§ **SOURCE INFORMATION**:
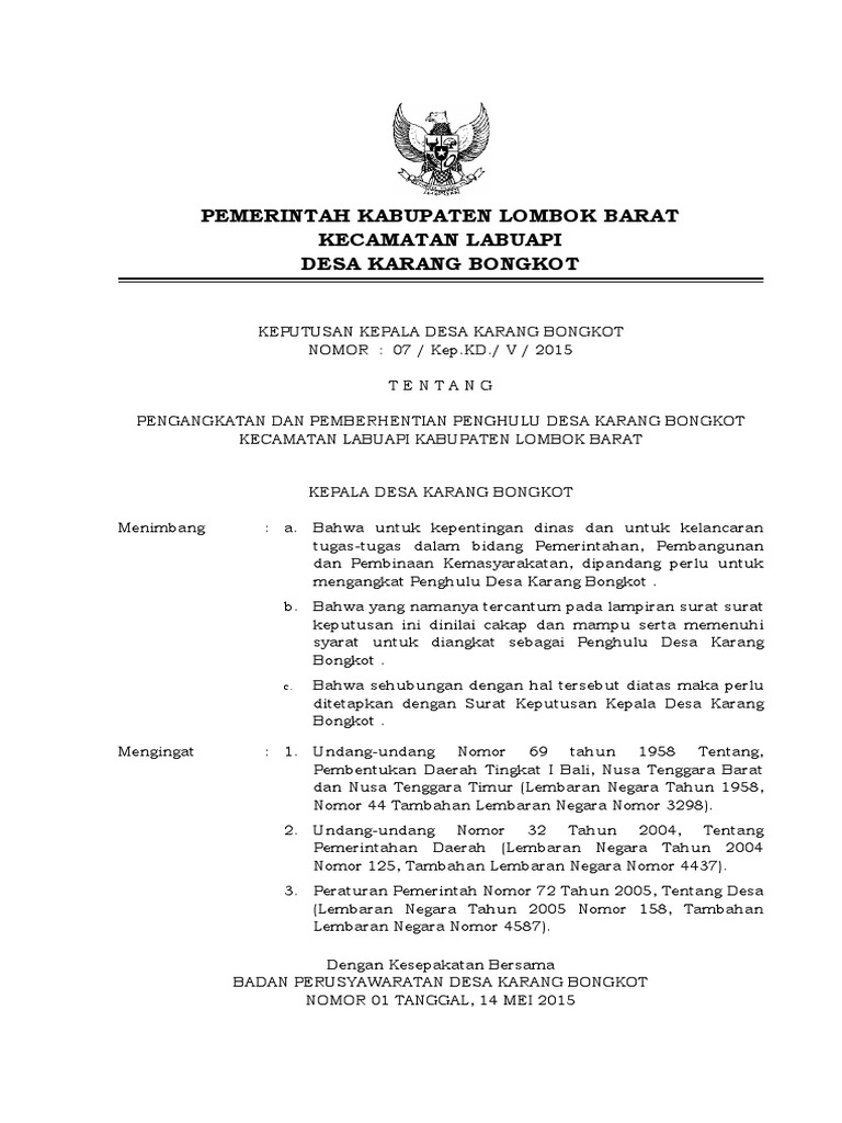 Berikut ini Kumpulan Format Terbaru SK Kepala Desa baik format PDF maupun Doc Word. Dalam sambutan Kepala Kantor menerangkan surat perintah Pelaksana Tugas yang diberikan tersebut mengingat proses pelayanan khususnya bidang kepenghuluan di Kecamatan Maulafa harus terus dilaksanakan. Beberapa Contoh Surat Pengesahan Dari Penghulu Terbaru 2019.
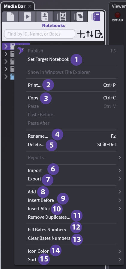 Note: All individual notebook elements follow the right-click options for those elements (doc, designation or audiovisual)
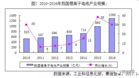 2016年我國鋰離子電池產業(yè)規(guī)模達到1280億元,首次突破1000億元大關,同比增長30%,繼續(xù)保持高速增長態(tài)勢。
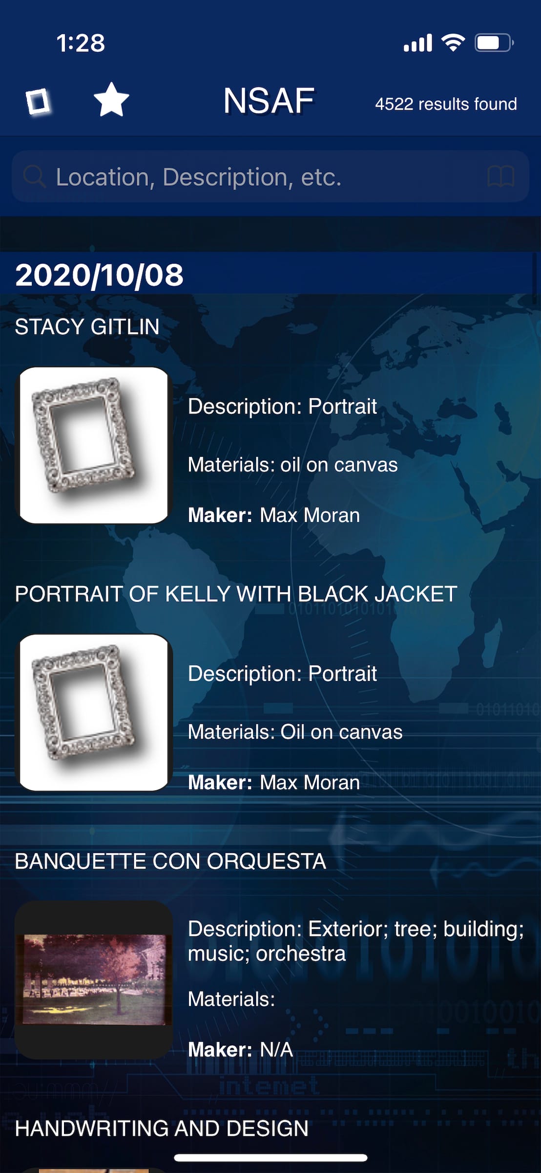The app features 4,522 stolen objects which are searchable by subject matter, medium, or artist. Many of the works are not photographed, and a simple search returns multiple reproductions of a stock photo of an empty silver frame. Users can also navigate through 21 categories ranging from paintings to guns to masks. An "other" category contains a whopping 1,482 objects, many of which could be sorted into actual groupings. For some reason, an entire category is dedicated to the database's two stolen wine coolers, and eight works did not make it into any category at all.
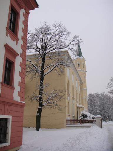 Keywords: KostelKrizZima.jpg cs Pohled na zasněžený kostel Povýšení Svatého kříže od Kunínského zámku vlastní foto Bosquete 2010-01-13 Church of Exaltation of the Holy Cross Kunín
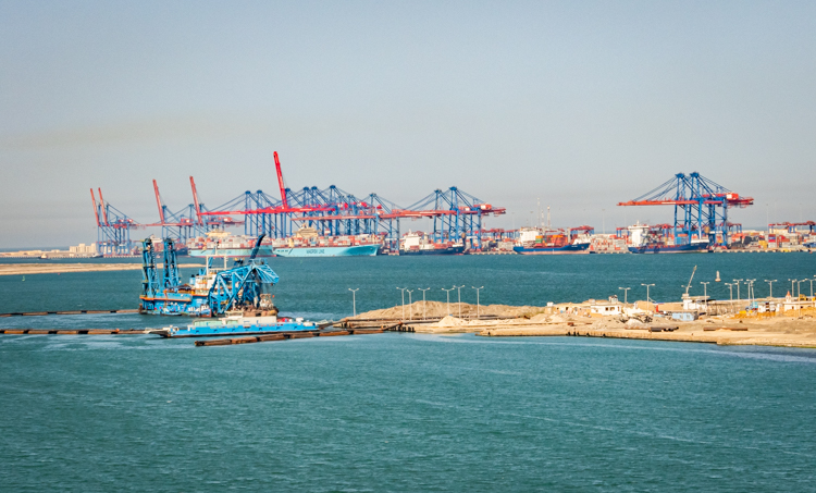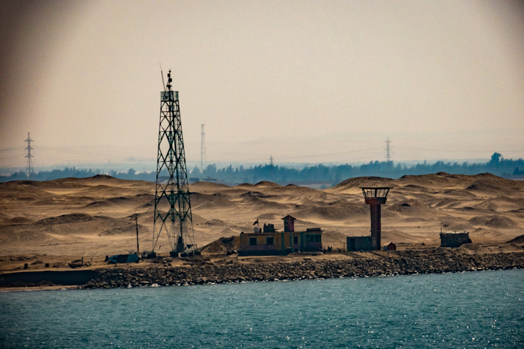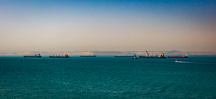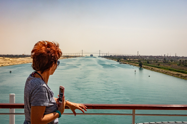 We pull up anchor around 4:00 AM and enter the Suez Canal. It is not anywhere as spectacular as the Panama Canal, but is interesting in it’s own right. I’m going to call it “The Ditch in the Desert”, because that is an apt description for it. Piles of desert dirt on both sides of the Canal greets our senses as we sail along.
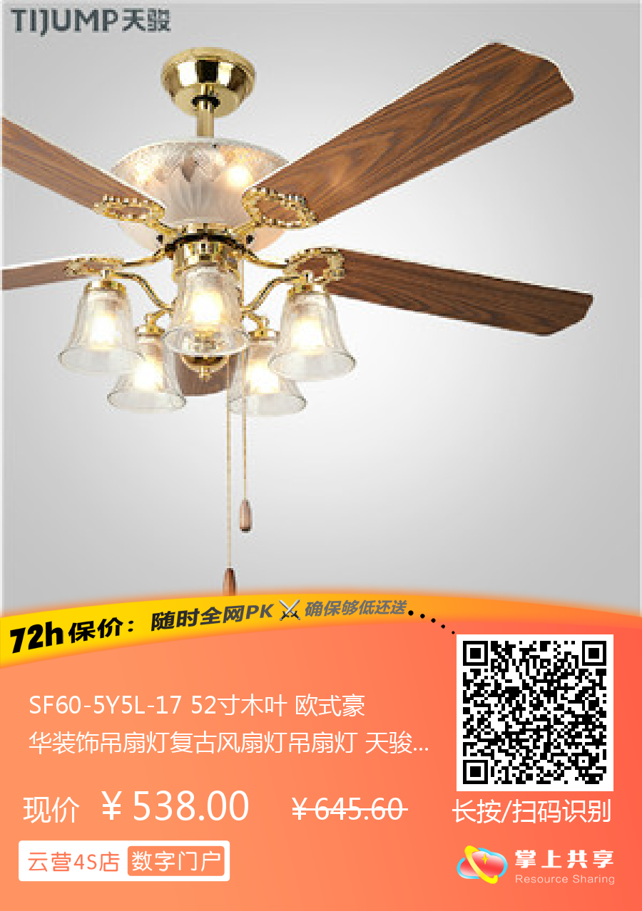 SF60-5Y5L-17 52寸木叶 欧式豪华装饰吊扇灯复古风扇灯吊扇灯 天骏
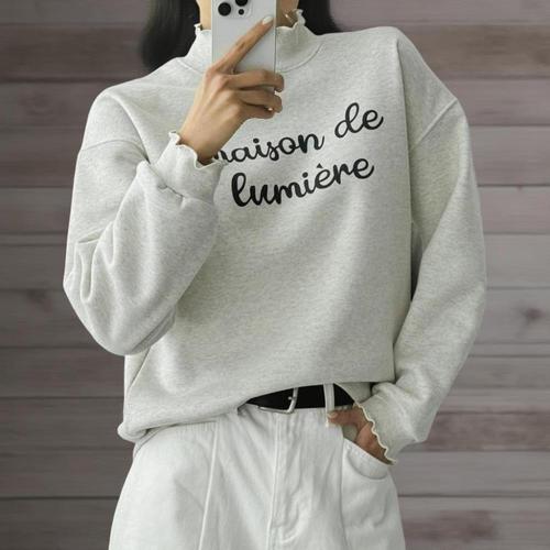|KST9F3E|여성 프릴 하이넥 폴라 맨투맨 겨울 레터링 박스 티셔츠
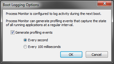 You may need to troubleshoot an issue related to your boot process which requires additional configuration in Process Monitor.
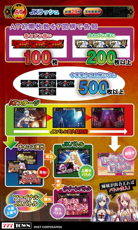 純増2.8枚のAT「JKラッシュ」を搭載し、5号機の高純増AT機では最高クラスの初当たり確率「1/296(設定1)」を実現!最高クラスの「純増スピード×初当たり確率」が生み出す、圧倒的な期待と興奮が味わえる究極バランススペックの誕生!

§ **ASSIGNED TASK**: Restate word for word the lines running from the first line of the material to the line containing "Note: All individual", inclusive, and drop every picture.

§ **SOLUTION**:
 Berikut ini Kumpulan Format Terbaru SK Kepala Desa baik format PDF maupun Doc Word. Dalam sambutan Kepala Kantor menerangkan surat perintah Pelaksana Tugas yang diberikan tersebut mengingat proses pelayanan khususnya bidang kepenghuluan di Kecamatan Maulafa harus terus dilaksanakan. Beberapa Contoh Surat Pengesahan Dari Penghulu Terbaru 2019.
 Note: All individual notebook elements follow the right-click options for those elements (doc, designation or audiovisual)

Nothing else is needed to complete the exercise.